═════ Recorded information ═════
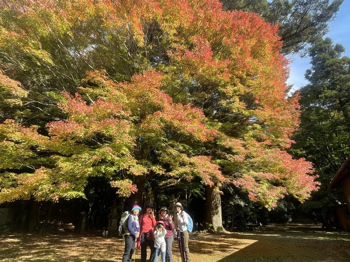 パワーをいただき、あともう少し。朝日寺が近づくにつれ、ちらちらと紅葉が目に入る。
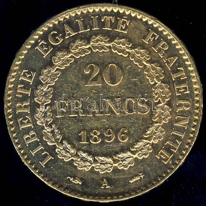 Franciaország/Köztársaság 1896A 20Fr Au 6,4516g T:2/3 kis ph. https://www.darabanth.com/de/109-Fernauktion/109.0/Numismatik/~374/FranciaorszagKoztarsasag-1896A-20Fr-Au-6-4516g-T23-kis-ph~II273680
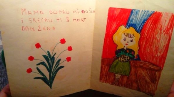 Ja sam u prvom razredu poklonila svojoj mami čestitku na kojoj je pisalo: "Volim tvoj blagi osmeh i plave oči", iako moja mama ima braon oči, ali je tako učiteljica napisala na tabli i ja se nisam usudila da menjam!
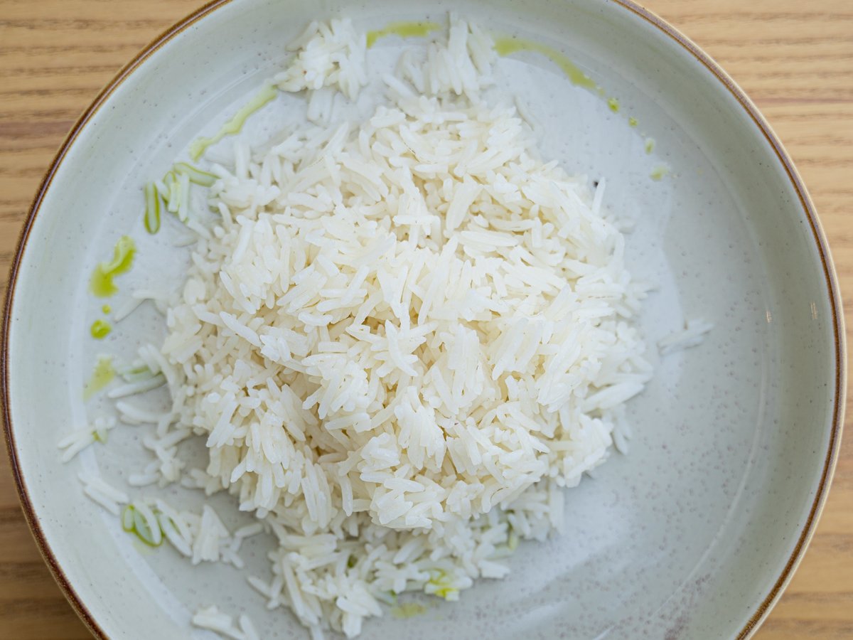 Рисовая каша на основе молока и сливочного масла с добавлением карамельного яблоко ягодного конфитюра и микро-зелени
═════
- _Requirement_:
Give back the full data exactly as it reads, but drop the pictures.

- _Response box_:
 パワーをいただき、あともう少し。朝日寺が近づくにつれ、ちらちらと紅葉が目に入る。
 Franciaország/Köztársaság 1896A 20Fr Au 6,4516g T:2/3 kis ph. https://www.darabanth.com/de/109-Fernauktion/109.0/Numismatik/~374/FranciaorszagKoztarsasag-1896A-20Fr-Au-6-4516g-T23-kis-ph~II273680
 Ja sam u prvom razredu poklonila svojoj mami čestitku na kojoj je pisalo: "Volim tvoj blagi osmeh i plave oči", iako moja mama ima braon oči, ali je tako učiteljica napisala na tabli i ja se nisam usudila da menjam!
 Рисовая каша на основе молока и сливочного масла с добавлением карамельного яблоко ягодного конфитюра и микро-зелени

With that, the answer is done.